Resources And Prompts

The server also exposes resources:

  • recipes://all
  • recipes://recipe/{id}
  • recipes://terms

Tools are for actions. Resources are for inspectable context.

recipes://all returns metadata for every recipe. recipes://recipe/{id} returns the full JSON for one recipe. recipes://terms returns glossary data.

The project also registers prompt templates:

  • plan_kerala_meal
  • explain_recipe_for_beginner
  • make_bilingual_recipe_card

Prompts are useful for repeatable workflows, but they are not a replacement for tools. In this project, prompts shape the task while tools provide the reliable data.

Predictable Errors

Every tool returns a predictable envelope:

{
  "success": true,
  "data": {}
}

or:

{
  "success": false,
  "error": {
    "code": "RECIPE_NOT_FOUND",
    "message": "English error message",
    "messageML": "Malayalam error message"
  }
}

This is friendlier for host models than arbitrary exceptions.
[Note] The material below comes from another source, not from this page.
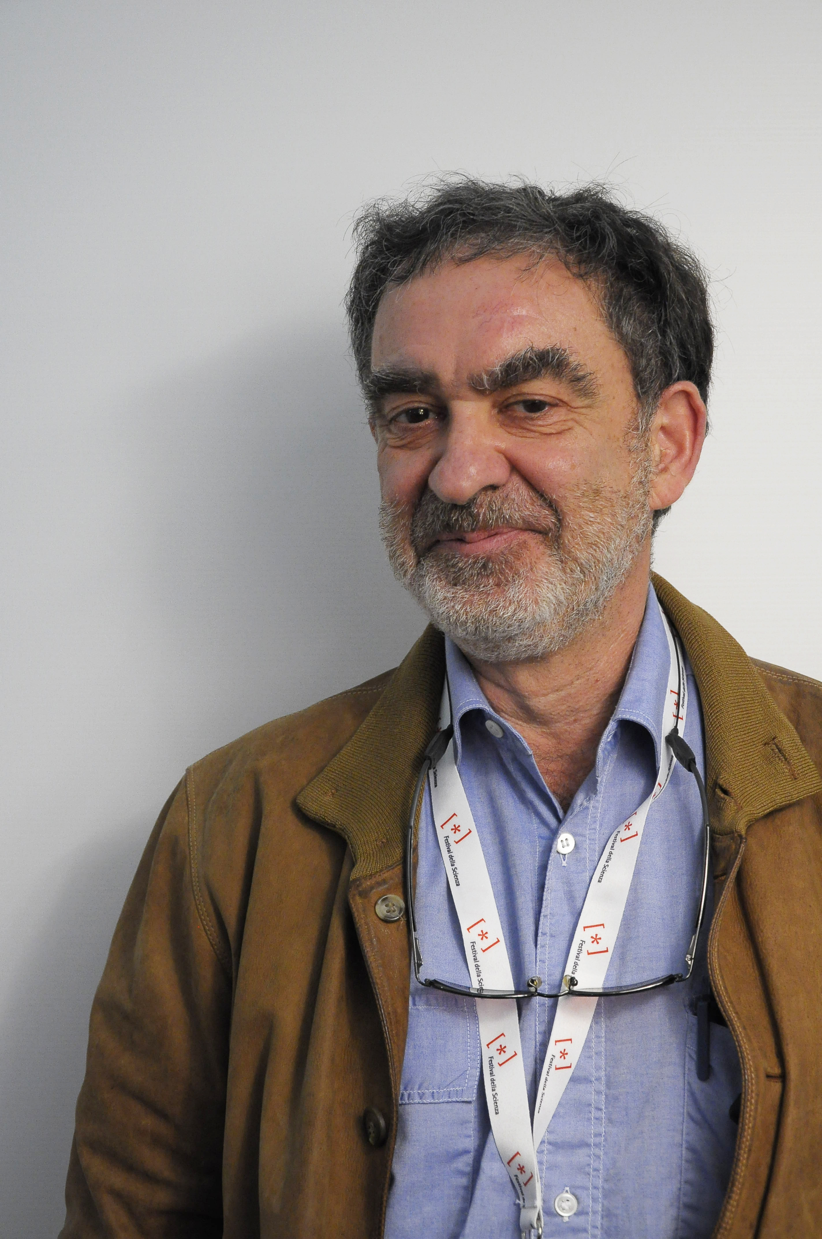 Italian physicist Tomaso Poggio. This picture was taken in Genoa, Italy, at the 2011 Festival della Scienza.

The model can see whether the tool call worked, read the error code, and explain the failure in the user’s preferred language.

For MCP tools, predictable failure is part of the interface.

Testing The Domain

The test suite focuses on recipe behavior:

  • recipe validation
  • language filtering
  • recipe lookup
  • search
  • ingredient suggestion
  • shopping-list generation

That is the right level for most of this project. The MCP SDK owns the protocol mechanics. This code owns the recipe behavior.

The useful commands are:

npm run validate-recipes
npm test
npm run build

validate-recipes catches malformed data. npm test checks the domain behavior. npm run build proves the package can compile and copy its JSON assets.

Connecting From A Client

For Claude Desktop, the local server can be configured like this after building the project:

{
  "mcpServers": {
    "malayalam-recipes": {
      "command": "node",
      "args": ["/path/to/malayalam-recipes-mcp/dist/index.js"]
    }
  }
}

For Codex on Windows, the same idea can be represented in config.toml:

[mcp_servers.malayalam-recipes]
command = "node"
args = ["C:/path/to/malayalam-recipes-mcp/dist/index.js"]
startup_timeout_sec = 20
tool_timeout_sec = 60

After restarting the client, the user can ask:

Use the malayalam-recipes MCP server to search for puttu and show the recipe in English and Malayalam.

The client discovers the MCP tools, calls the right one, and uses the result to answer.

What I Learned

The main lesson is that an MCP server does not need to be large to be useful.

A good small MCP server has:

  • a clear data boundary
  • typed inputs
  • deterministic behavior
  • predictable errors
  • a small set of tools mapped to real user tasks
  • tests around the domain logic

This pattern works beyond recipes. The same structure could support internal documentation, product catalogs, training material, legal templates, incident runbooks, or any other domain where a model should reason over trusted data instead of improvising.

Final Thoughts

The Malayalam recipes MCP server is intentionally modest: TypeScript, Zod, local JSON, stdio, and a handful of tools.

That modesty is the point.

MCP is not only for complex integrations. It is also a clean way to give AI clients reliable access to small, carefully maintained datasets. In this case, the server lets a model help with Kerala cooking while keeping the recipes, terminology, serving math, and search behavior grounded in code and data.